I have no one to go with so I don't go.


----------



## GraceLikeRain (Nov 9, 2003)

I ate in a very crowded dining hall tonight and was fine, but it has taken me a *very* long time (over a year) to feel comfortable doing so. I don't know if it's exposure, or my meds, or both. Both I guess.


----------



## Blue Oval (Oct 18, 2006)

GraceLikeRain said:


> I ate in a very crowded dining hall tonight and was fine, but it has taken me a *very* long time (over a year) to feel comfortable doing so. I don't know if it's exposure, or my meds, or both. Both I guess.


did you eat alone or with people


----------



## GraceLikeRain (Nov 9, 2003)

Blue Oval said:


> GraceLikeRain said:
> 
> 
> > I ate in a very crowded dining hall tonight and was fine, but it has taken me a *very* long time (over a year) to feel comfortable doing so. I don't know if it's exposure, or my meds, or both. Both I guess.
> ...


Alone.


----------



## Blue Oval (Oct 18, 2006)

thats cool, good job, i actually didnt go to the dining hall this morning, wanted to sleep late cause i didnt have class till 1:40, and just had a donut in my room


----------



## sparklesparkle* (Oct 18, 2006)

last year, i just flat out stopped going to the dining hall. was hungry all the time, basically survived on breakfast bars. (i can't even look at one now..) the anxiety was just unbearable. 
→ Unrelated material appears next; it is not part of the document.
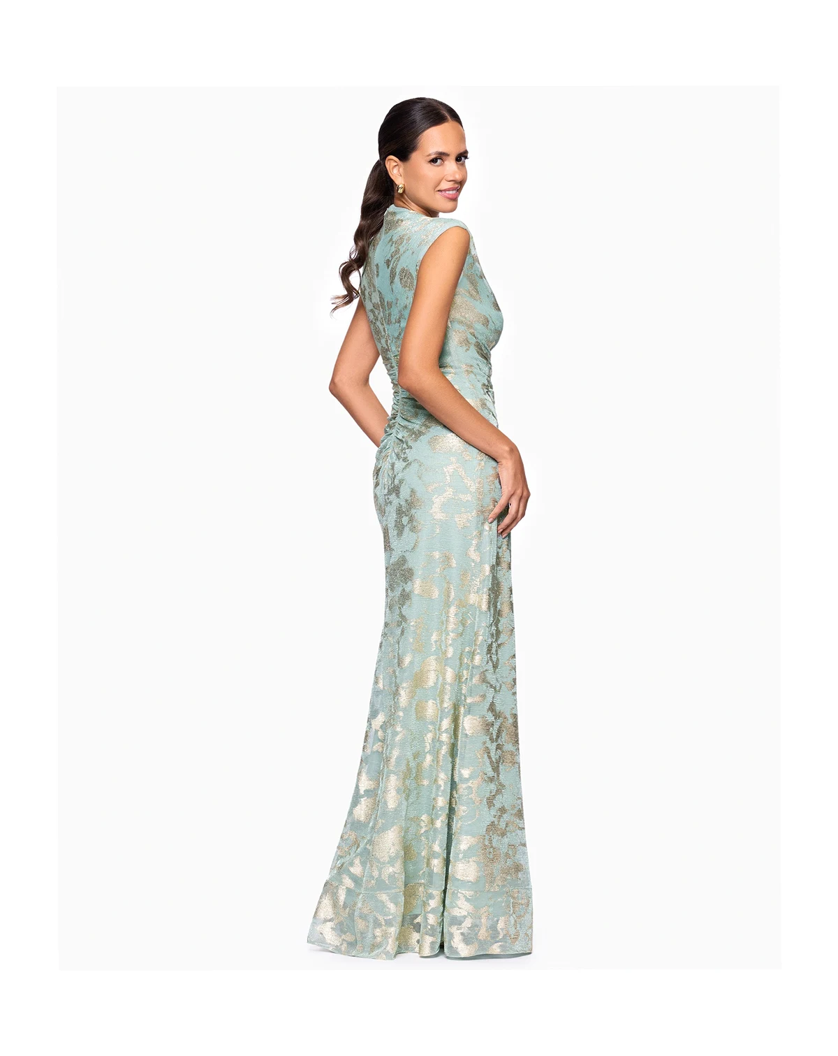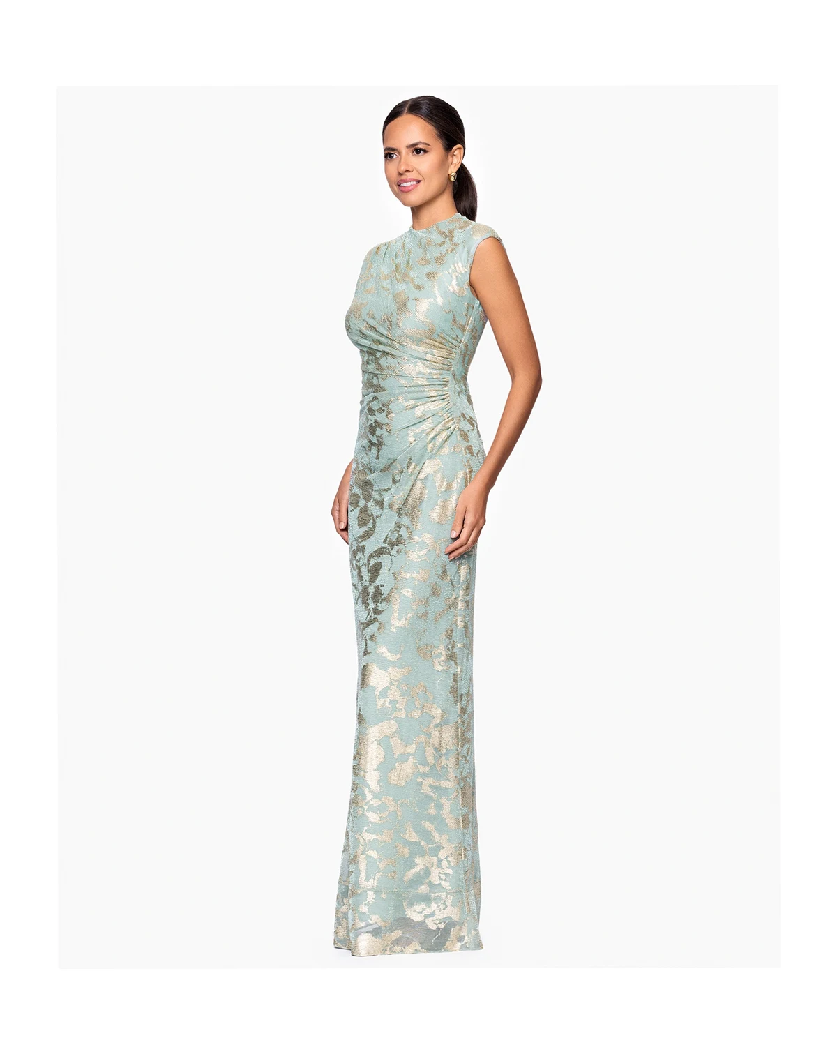 Chic ruching accents the mock neck of this Betsy & Adam dress, adding texture and visual interest. Side slit and sleeveless styling enhance comfort and movement while maintaining a modern, striking look.

this semester, i was doing pretty okay. i was eatin at least 1 meal a day, even if it was alone. it made me feel better to kno other people ate alone too.. but i had special times to go, times where i knew the dining hall wouldn't be as crowded. if i saw people i knew though, i'd leave immediately. lately i've stopped going, because trying is so difficult. so i guess i'm kinda regressing =T


----------



## SilentLoner (Jan 30, 2006)

I was afraid at first but now I go to the dining hall all the time. A lot of people sit alone.

I've kinda gotten used to eating alone. I like to have a newspaper or book to read when I do though.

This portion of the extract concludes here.